In Monhegan, the Cradle of New England, Ida Proper provides one of the most interesting and comprehensive reviews of known and rumored visitors to the coast of Maine during the period from the early explorations of Verrazano (1524) and Gomez (1525) to the more well documented florescence of the Monhegan Island fishing community in the 1620s.  Antiquarian and contemporary historians have assembled a broad record of the many individuals and families who settled in the coastal regions of central Maine after Miles Standish made his 1621 journey to get supplies for the starving Plymouth colonists.  Ida Proper, an amateur historian, provides an extensive catalog of the many known and rumored visitors to the ancient Pemaquid region in the period of time before the establishment of the Plymouth Colony.  Her historical research and resulting history of Monhegan Island, as well as the writings of older historians like Rufus King Sewall and Benjamin DeCosta complement work of contemporary historians such as Quinn, Morison, Baker and Churchill.  Together these sources allow at least a tentative sketch of visitors to the Maine coast during the 100 years prior to the landing of the Pilgrims; of these both Quinn and Proper help us realize that many of the visits to Norumbega occurred during the 16th century, not only during the two decades that proceeded the settlement of the Plymouth Colony in the early 17th century.

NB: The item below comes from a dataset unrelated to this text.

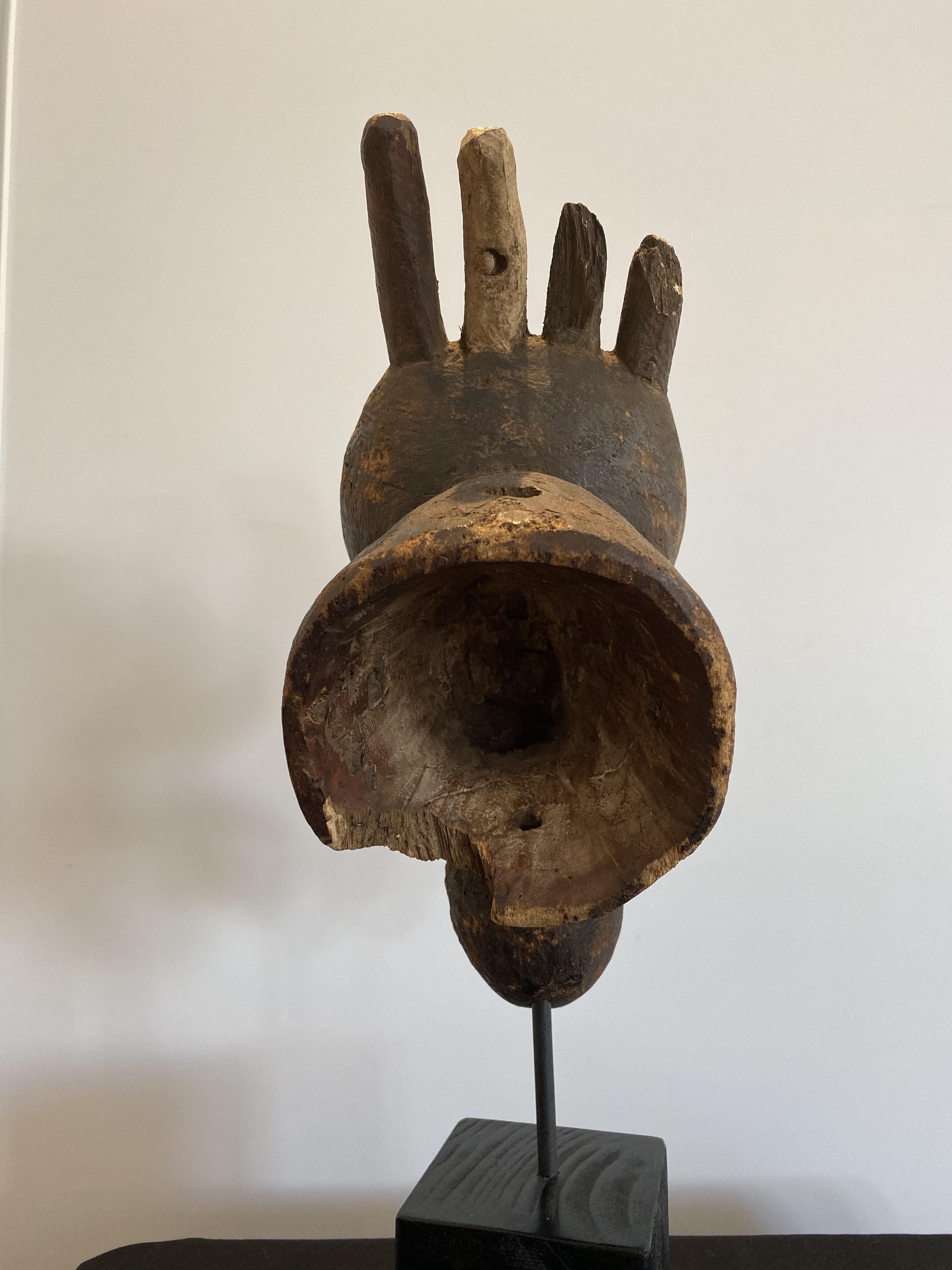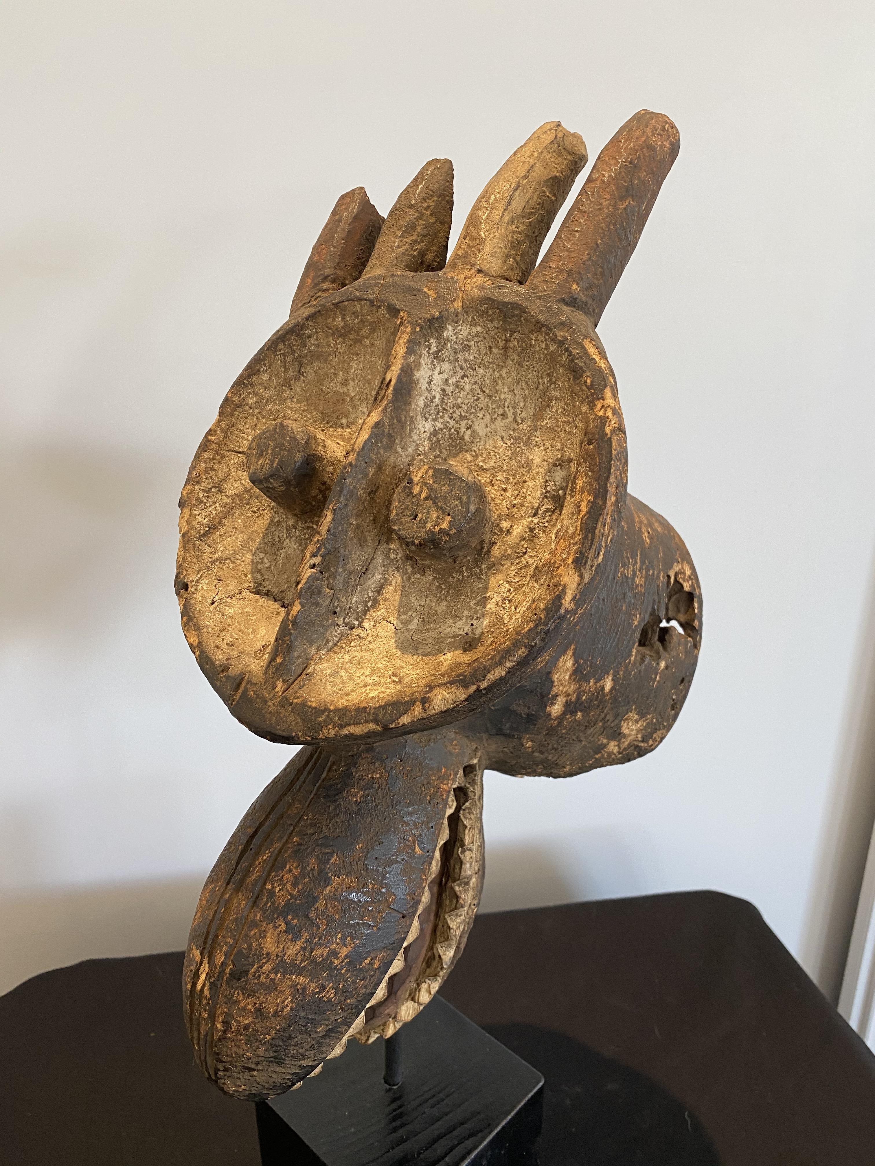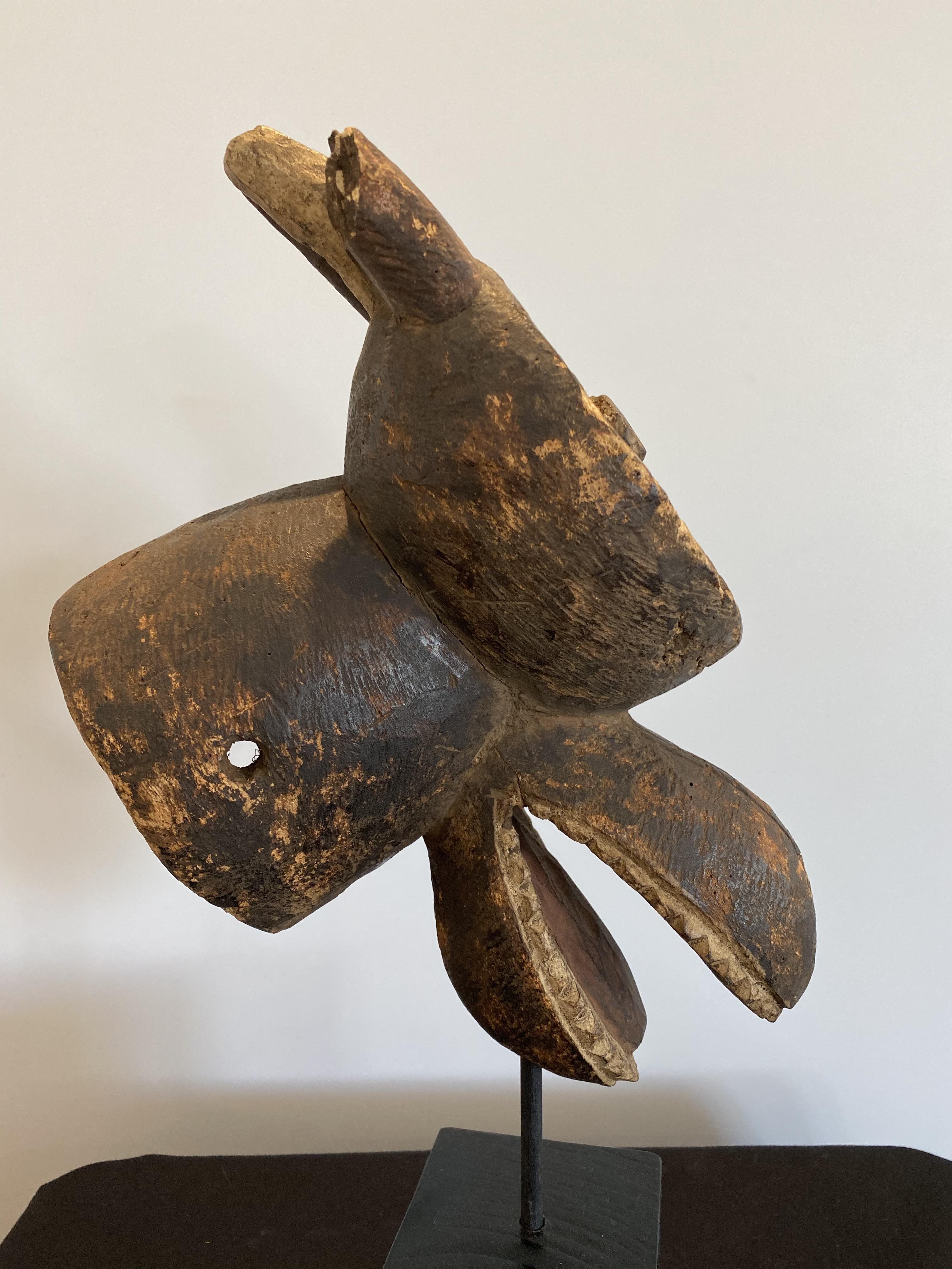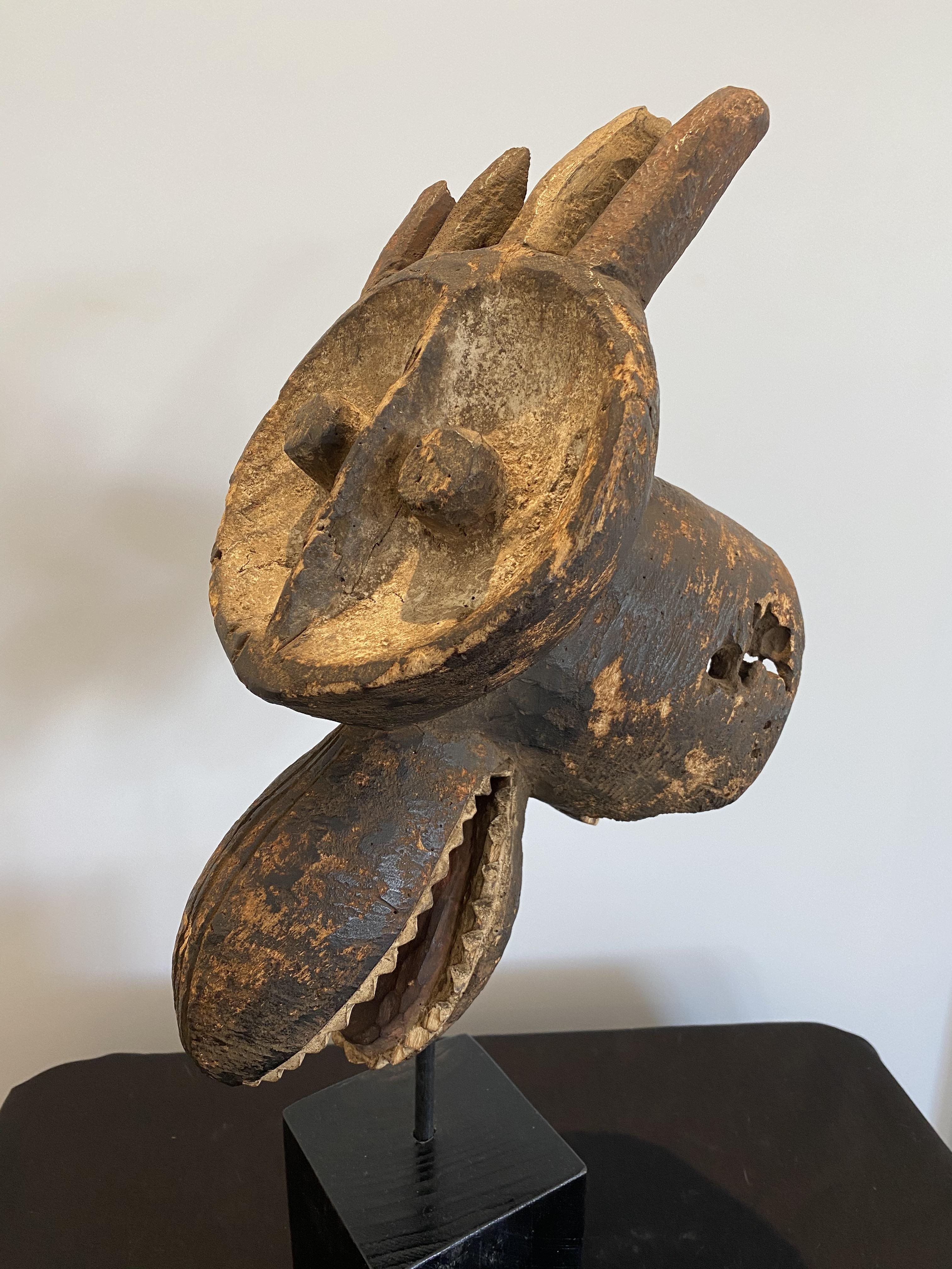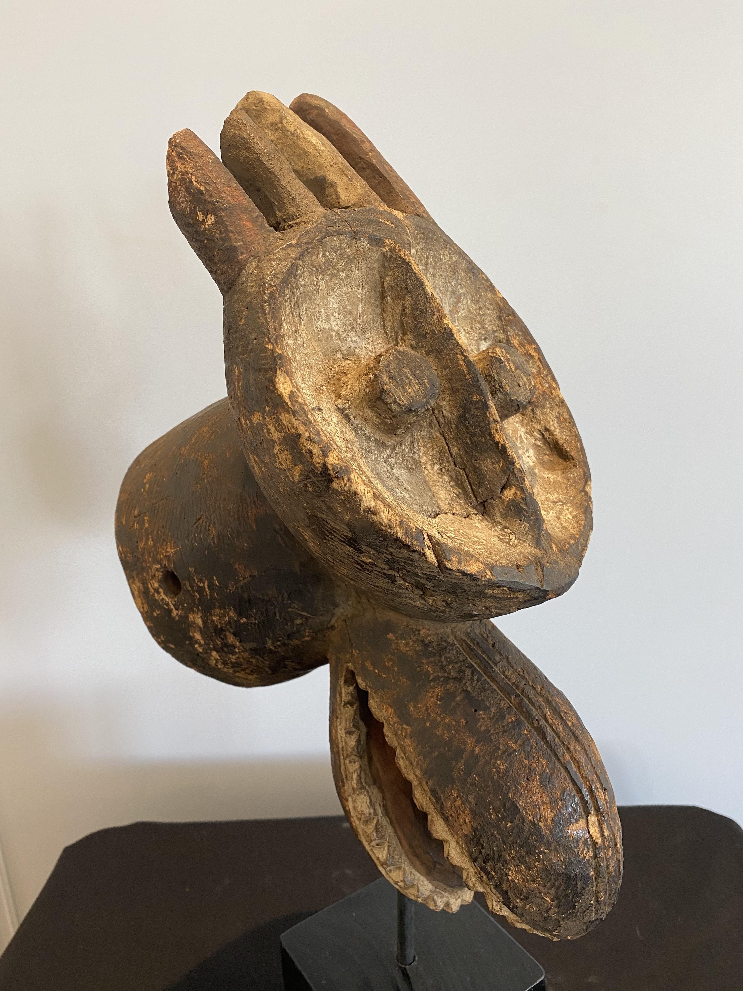 The Mambila Tribe of Northern Nigeria/Cameroon made these zoomorphic masks to be worn in dances with the dancer looking out between the open jaws.

Ida Proper begins her history: "Monhegan is the most famous deep sea island on the Atlantic seaboard. Her place in the recorded history of the discovery of the American continent is still shrouded in fogs, just as her rocky heads are so often obscured by the wisps and wreaths of the circling fogs that haunt her shores. This obscurity is due to the secrecy imperative during that momentous period. But as the new records are dug up in old-world musty libraries, we glimpse her unmistakable outline, here and there, and the glorious place she held in the colonization of America." (pg. 3).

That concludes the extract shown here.